Thursday, July 2, 2015 - A motion to centralize at least 22 lawsuits focused on cancers allegedly spread by power morcellators was filed before the Judicial Panel on Multidistrict Litigation on June 18. The allegations center on the increased risk of cancer connected to the use of power morcellators for female patients.

The power morcellator is a medical device used in uterine procedures such as myomectomies and hysterectomies. It is used to conduct small removals of uterine fluid or tissues, oftentimes allowing physicians to make operations in the area much smaller and less invasive for the patient. This leads to benefits such as a smaller chance of infection and faster recovery times. Procedures that employ the power morcellator also leave the patient with less visible scarring.

The device however began to raise red flags after it was discovered that it had the capability to spread cancer cells located in the uterus throughout the organ, causing a higher risk for the disease the spread in those who received treatment from a power morcellator. Though it has been estimated that roughly 0.3 percent of women who undergo surgeries involving a power morcellator have uterine cancer, around half a million women have undergone procedures involving the device. This leaves more than 1,000 women potentially affected by the ability of the power morcellator to spread cancerous diseases in their uterus.

The 22 cases up for centralization before the JPML come from 16 different courts around the U.S. The lawsuits all carry similar claims against the manufacturers of power morcellators, alleging that the companies were aware of the risk the devices posed to patients and failed to adequately warn those who may be affected. The plaintiffs have requested for their cases to be heard in the District of Kansas federal court.

Ethicon, a Johnson & Johnson subsidiary, is the largest manufacturer of power morcellators. The company is one of a handful of companies named as defendants in the lawsuits, including Cook Urological, Inc., Nouvag and Olympus. In light of the allegations made against the company in the lawsuits, Ethicon no longer offers its power morcellator devices on the market. A number of hospitals discontinued the use of power morcellators as well after news of the product‘s link to cancer risk spread throughout the industry. Despite the pull back Ethicon has made in regards to its own morcellator devices, the company has stopped short of putting out a full recall for the product.

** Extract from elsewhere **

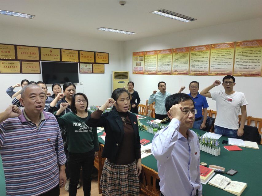 本次主题党日活动严格按照3+X的方式进行,第一环节,由宋其湖同志带领全体党员在党旗下重温入党誓词;颜斌同志带领全体党员诵读了新《党章》总纲第12~14页内容;组织委员洪佳平同志通报了本月党费缴纳情况;纪检委员邵晓红同志通报了本月馆内“三公开”情况。
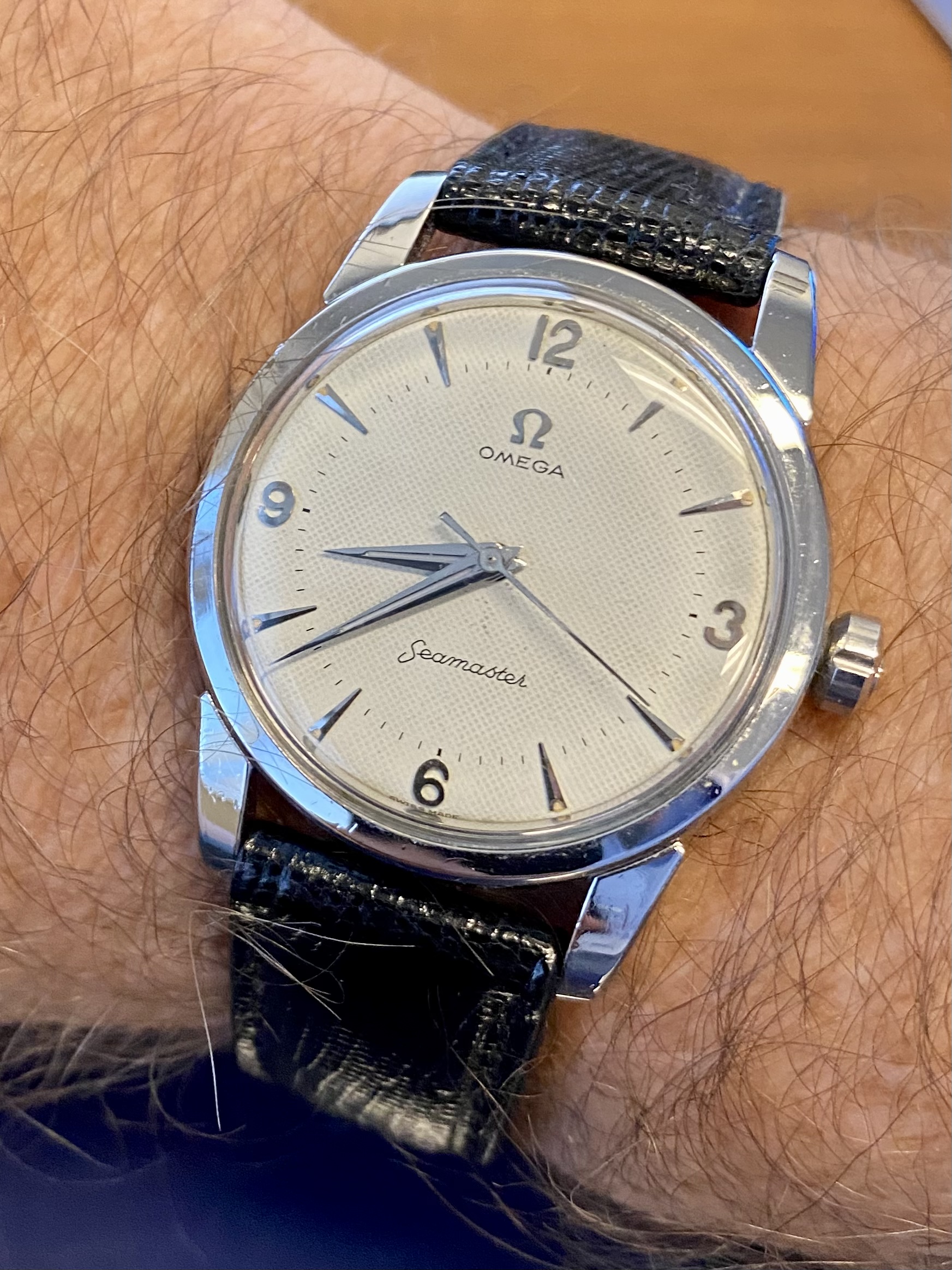 Posts 9,693 Likes 54,213 gbesq ·Aug 31, 2022 Good day all. Today’s choice is a 1956 Seamaster 2761 with a waffle dial.

The lawsuits gained steam after an FDA warning issued in April of 2014 stating that the power morcellator increased the risk of the spread of cancer in the uterus. Many involved in the lawsuits called for the FDA to issue a recall, however that avenue was never pursued by the FDA. Since the 2014 however, the FDA has endorsed traditional hysterectomies not involving the power morcellator as a safer choice for patients.

The defendants named in the motion to centralize the lawsuits need to respond to the MDL request by the end of the week. Oral arguments in relation to the possible centralization of the lawsuits are expected to begin in October of 2015.